Problem:
Nothing but the lines below from the one holding "6 備品レンタルOKのバーベキュー。選べる食コースも!" up to and including the one holding "列車走行位置ページイメージ(韓国語)" should be copied, exactly and without pictures.

Working data:
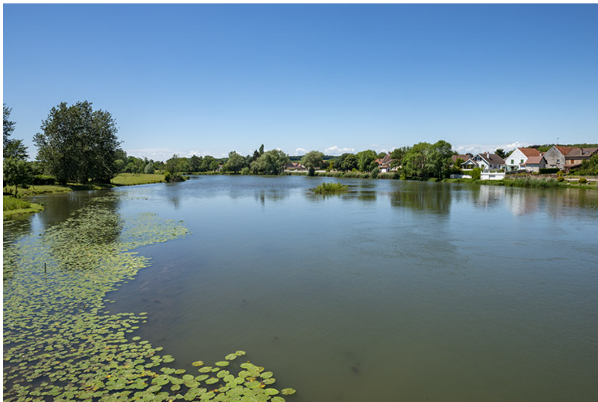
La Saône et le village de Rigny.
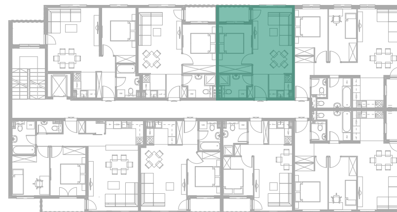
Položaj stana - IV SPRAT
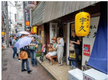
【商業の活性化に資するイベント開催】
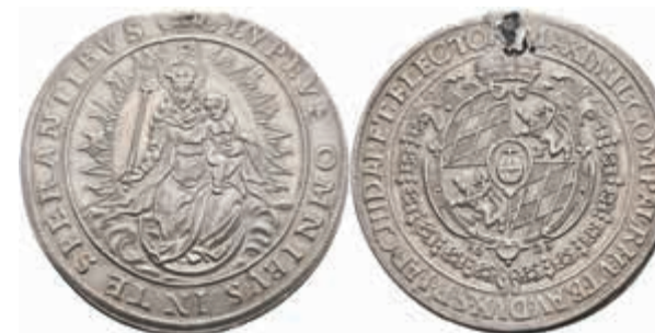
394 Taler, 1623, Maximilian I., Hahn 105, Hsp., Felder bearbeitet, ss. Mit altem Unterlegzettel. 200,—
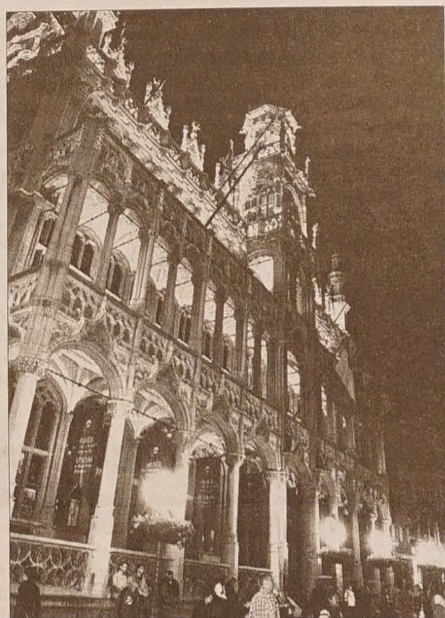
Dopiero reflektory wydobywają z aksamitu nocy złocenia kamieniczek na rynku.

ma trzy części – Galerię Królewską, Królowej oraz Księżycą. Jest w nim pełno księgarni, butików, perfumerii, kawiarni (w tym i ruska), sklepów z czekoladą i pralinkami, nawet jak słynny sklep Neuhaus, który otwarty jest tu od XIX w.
--
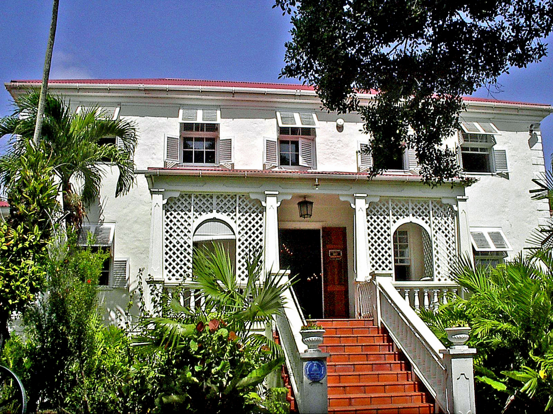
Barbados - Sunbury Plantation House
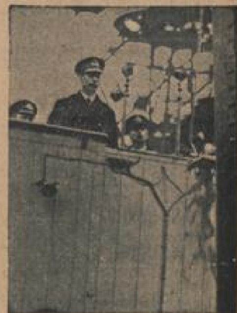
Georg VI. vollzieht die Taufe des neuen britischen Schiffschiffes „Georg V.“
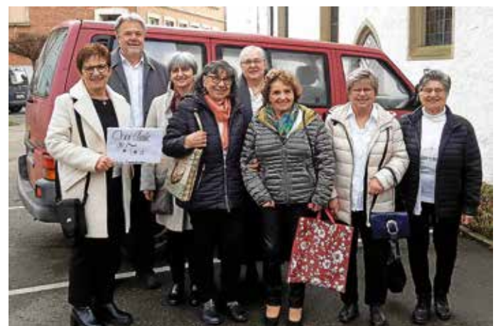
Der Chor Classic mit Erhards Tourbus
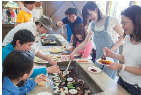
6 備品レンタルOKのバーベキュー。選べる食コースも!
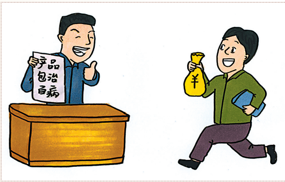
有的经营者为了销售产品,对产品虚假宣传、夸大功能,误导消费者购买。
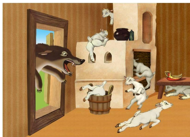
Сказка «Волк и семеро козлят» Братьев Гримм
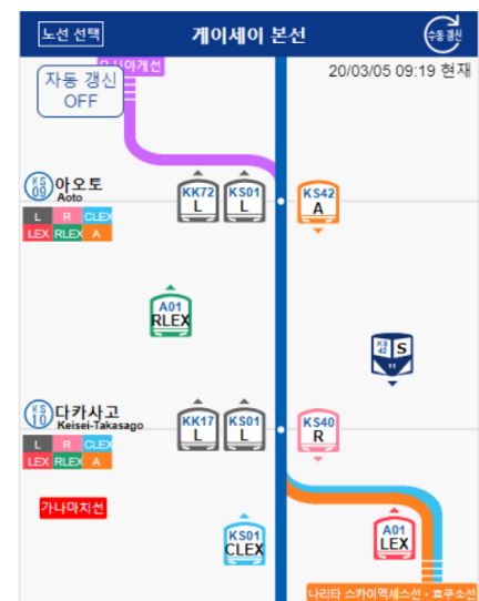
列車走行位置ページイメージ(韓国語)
...
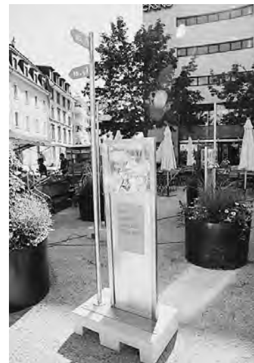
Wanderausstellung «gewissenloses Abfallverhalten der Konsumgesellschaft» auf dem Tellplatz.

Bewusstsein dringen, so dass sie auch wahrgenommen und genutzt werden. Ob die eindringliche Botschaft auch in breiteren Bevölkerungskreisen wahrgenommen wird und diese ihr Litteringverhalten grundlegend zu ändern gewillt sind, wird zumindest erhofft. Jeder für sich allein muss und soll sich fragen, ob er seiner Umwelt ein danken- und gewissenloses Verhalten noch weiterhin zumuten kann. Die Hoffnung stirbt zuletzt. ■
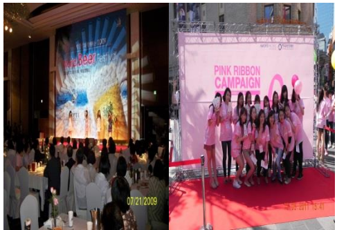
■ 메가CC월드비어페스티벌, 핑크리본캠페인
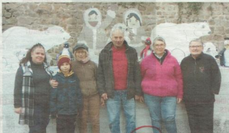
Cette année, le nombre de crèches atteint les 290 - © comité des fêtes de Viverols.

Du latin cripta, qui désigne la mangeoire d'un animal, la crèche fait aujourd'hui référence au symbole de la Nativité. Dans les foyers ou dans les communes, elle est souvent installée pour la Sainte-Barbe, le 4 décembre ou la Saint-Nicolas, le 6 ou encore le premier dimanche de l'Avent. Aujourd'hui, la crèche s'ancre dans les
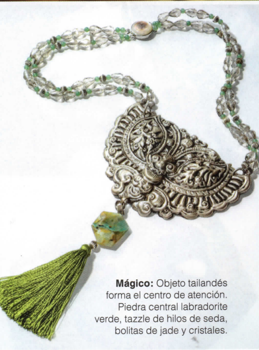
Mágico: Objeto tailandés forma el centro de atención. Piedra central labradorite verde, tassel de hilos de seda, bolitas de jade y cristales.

Written answer:
6 備品レンタルOKのバーベキュー。選べる食コースも!
有的经营者为了销售产品,对产品虚假宣传、夸大功能,误导消费者购买。
Сказка «Волк и семеро козлят» Братьев Гримм
列車走行位置ページイメージ(韓国語)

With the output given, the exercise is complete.